AODE achieves lower classification error than NB, because it involves a weaker attribute independence assumption and the ensemble mechanism. Figure 2 shows graphically the structural differences between NB and AODE.

2.2. TAN and ATAN

TAN is a structural augmentation of NB in which every attribute has the class and at most one other attribute as parents. The structure is determined by using an extension of the Chow–Liu tree [23], which utilizes conditional mutual information to find a maximum spanning tree. By learning from the maximum weighted spanning tree (MWST), TAN can represent all significant one-dependence relationships and is commonly regarded as the optimal one-dependence classifier [24]. Rather than obtaining a spanning tree, Ruz and Pham [25] suggest that Kruskal’s algorithm be stopped whenever a Bayesian criterion controlling the likelihood of the data and the complexity of the TAN structure holds.

ATAN is an ensemble augmentation of TAN. It takes not a random node, but each predictive variable as a root node and then builds the corresponding MWST conditioned to that selection. Finally, the posterior probabilities of ATAN are given by the average of the n TAN classifier posterior probabilities. Figure 3 shows graphically the structural differences between TAN and ATAN.

2.3. KDB

The KDB allows each attribute to have a maximum of k parents, except the class variable. The attribute order is predetermined by comparing mutual information

I (X_{i}; C)

between the predictive attribute and class variable, starting with the highest. Once

X_{i}

enters the model, its parents are selected by choosing the k variables

X_{j}

in the model with the highest values of the conditional mutual information

I (X_{i}; X_{j} | C)

. We note that the first k variables added to the model will have fewer than k parents. We suppose that the attribute order is

{X_{1}, X_{2}, \dots, X_{n}}

; then

X_{i}

will have

i - 1

parents when

i \leq k

, and the remaining

n - k

variables have exactly k parents. Then Equation (1) turns out to be

P (c, x) \propto P (c) \prod_{i = 1}^{n} P (x_{i} | c, x_{i 1}, \dots, x_{i p})

(4)

where

X_{i 1}, \dots, X_{i p}

are the parent attributes of

X_{i}

and

p = m i n (i - 1, k)

. Figure 4 shows graphically an example of a KDB.

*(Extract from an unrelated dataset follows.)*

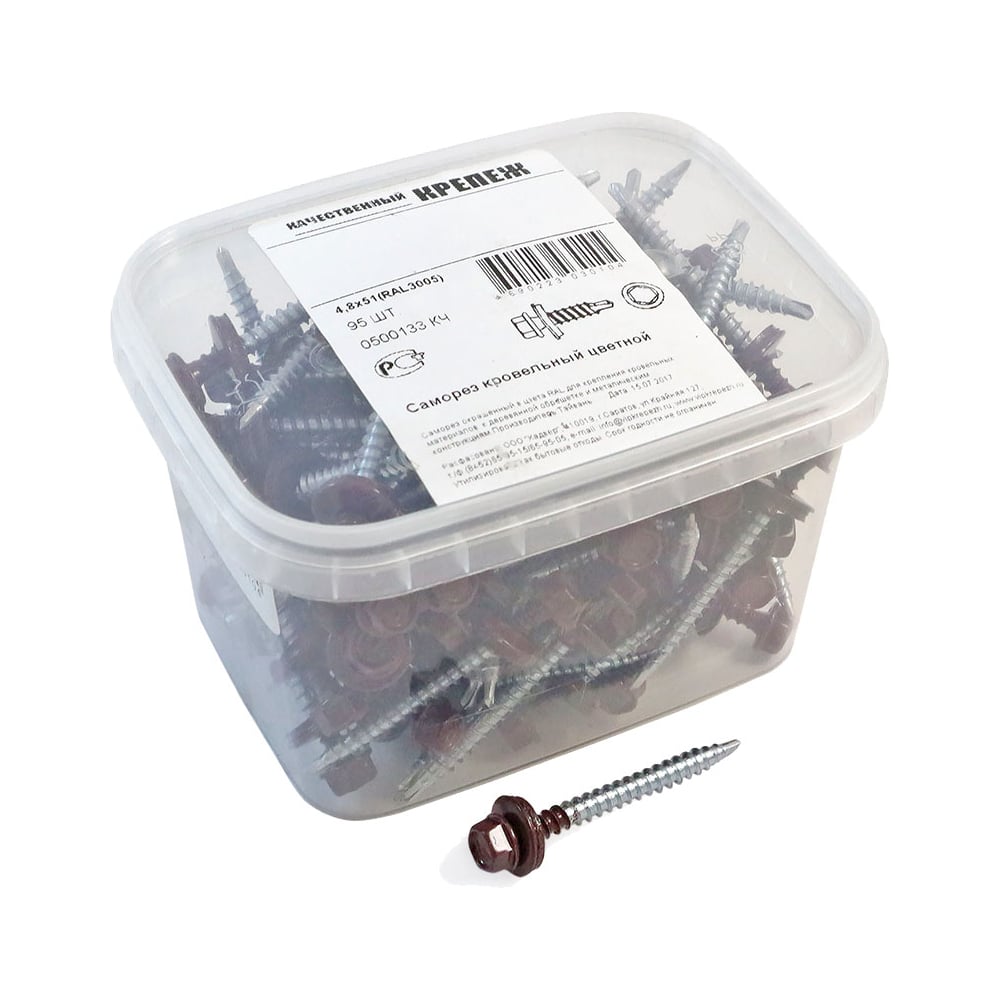 Кровельный саморез Качественный КРЕПЕЖ красное вино RAL 3005, 4.8х51 мм, 95 шт 0500133 КЧ

3. The k-Dependence Forest Algorithm

The KDB is supplied with both a database of preclassified instances, a DB, and the k value for the maximum allowable degree of attribute dependence. The structure learning procedure of a KDB can be partitioned into two parts: attribute sorting and dependence analysis. During the sorting procedure, the KDB uses mutual information

I (C; X_{i})

to predetermine the order of predictive attributes. The KDB ensures that the predictive attributes that are most dependent on the class variable should be considered first and added to the structure. However, mutual information can only measure the dependencies between predictive attributes and the class variable, while it ignores the dependencies between predictive attributes. The sorting process of the KDB only embodies the dependency between each single attribute and class variable, which may result in a suboptimal order. The proposed algorithm, the KDF, uses a new sorting method to address this issue.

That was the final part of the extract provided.